It is well established that the spleen is important in the clearance of invasive streptococcal infections. Splenectomized or asplenic humans have 50-fold increased risk of developing a fulminant septic infection with encapsulated bacteria and suffer higher morbidity rates than patients with a spleen.^15,43 In a study of invasive S. pneumoniae infection, small-dose intravenous inoculation of mice with S. pneumoniae resulted in a 5-fold preferential sequestration by the spleen compared with the lung and liver within 60 minutes. This dramatic splenic sequestration was not observed in similar experiments with S. aureus, E. coli, or P. aeruginosa. ^13,37 Phagocytosis by resident splenic macrophages and neutrophils is important in S. pneumoniae clearance within the first 24 hours of infection. Furthermore, a dramatic influx of circulating neutrophils to the spleen of mice was observed 24 and 48 hours after inoculation with S. pneumoniae. ¹³ In the current study, neutrophilic splenitis was evident in 15 baboons, all of which had more than one tissue site infected and could be classified as having an invasive Streptococcus spp. infection.

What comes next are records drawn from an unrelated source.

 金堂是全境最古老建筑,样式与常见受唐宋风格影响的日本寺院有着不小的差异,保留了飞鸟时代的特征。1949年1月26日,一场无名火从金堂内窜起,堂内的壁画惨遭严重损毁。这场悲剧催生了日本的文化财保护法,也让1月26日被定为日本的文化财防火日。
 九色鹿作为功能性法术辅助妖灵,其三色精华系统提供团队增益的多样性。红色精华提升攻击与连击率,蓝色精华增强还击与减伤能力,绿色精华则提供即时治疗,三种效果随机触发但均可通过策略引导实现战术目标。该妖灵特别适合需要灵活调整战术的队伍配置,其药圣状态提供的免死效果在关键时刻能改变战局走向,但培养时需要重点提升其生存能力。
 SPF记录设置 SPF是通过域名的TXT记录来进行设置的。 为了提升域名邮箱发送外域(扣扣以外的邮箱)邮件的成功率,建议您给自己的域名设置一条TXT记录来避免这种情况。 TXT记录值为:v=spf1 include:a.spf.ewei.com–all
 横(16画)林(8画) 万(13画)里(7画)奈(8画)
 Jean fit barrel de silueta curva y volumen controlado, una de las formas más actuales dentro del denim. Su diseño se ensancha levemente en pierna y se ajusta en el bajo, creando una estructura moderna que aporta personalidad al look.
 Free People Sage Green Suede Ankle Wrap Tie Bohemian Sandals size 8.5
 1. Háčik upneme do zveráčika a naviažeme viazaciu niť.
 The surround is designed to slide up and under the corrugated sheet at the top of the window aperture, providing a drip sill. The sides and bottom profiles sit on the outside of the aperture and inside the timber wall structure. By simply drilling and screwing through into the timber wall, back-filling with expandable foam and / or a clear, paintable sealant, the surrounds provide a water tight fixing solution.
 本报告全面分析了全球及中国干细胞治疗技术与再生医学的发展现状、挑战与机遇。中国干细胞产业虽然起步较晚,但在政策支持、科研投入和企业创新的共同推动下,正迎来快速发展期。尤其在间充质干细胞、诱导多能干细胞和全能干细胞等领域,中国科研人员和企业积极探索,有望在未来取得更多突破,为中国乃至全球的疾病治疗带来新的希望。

Streptococcus spp. in humans are associated with skin lesions including pyoderma, abscesses, surgical site infections, and type II necrotizing fasciitis.^18,20,21,60 Traumatic skin lesions and/or cellulitis with Streptococcus spp. infection was observed in 12 baboons. Beta Streptococcus spp. have been cultured from the skin, eyes, throat, nares, and gastrointestinal tract of healthy baboons.^5,11,41 Although the specific species and pathogenicity of these isolates were not explored, this suggests that some β Streptococcus spp. may represent normal flora in baboons, with the ability to be opportunistic pathogens.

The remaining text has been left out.